CORE ISOMETRICS ARE RECOMMENDED BY FOUR PACKS AS THEY WORK MUSCLE GROUPS ASSOCIATED WTIH THE RECTUS ABDOMINIS…ASHTANGA YOGA PARTICULARLY IS “STRENGTH INTENSIVE” AND WILL RAISE THE HEART RATE AND PROVIDE NECESSARY CARDIOVASCULAR BENEFITS…READ EXCERPTS FROM THIS GREAT ARTICLE BELOW:

“…Some of the more dynamic, like ashtanga and vinyasa, provide “a hell of a workout…”

“…yoga, regardless of the style or level, is going to produce at least two surefire benefits: It will identify and help strengthen weak points in your body, and it will help reawaken muscles that tend to be underused in even active people….”

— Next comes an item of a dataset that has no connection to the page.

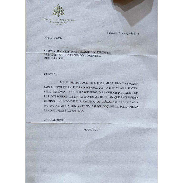 La carta incurre en una falta de letra -'argentino" en lugar de "argentinos"-, tutea a la presidenta y está fechada el 15 de mayo, una semana después de haber sido supuestamente expedida desde el Vaticano.

“…Working through the body’s weak points, retraining muscles, building flexibility, teaching balance: All these flow from yoga practice, even if it’s limited to the less intense styles, said Ralph La Forge, a physiologist at Duke University Medical Center’s Division of Endocrinology….”

http://www.sacbee.com/107/story/1415630.html 

 

With yoga, tai chi and other Eastern practices moving more fully into the mainstream, the question comes up: What do they actually do? Is yoga just a nice stretch, or will it make you stronger? What about cardiovascular health? How does it stack up to the activities more commonly associated (in the West) with aerobic endurance, such as running or biking?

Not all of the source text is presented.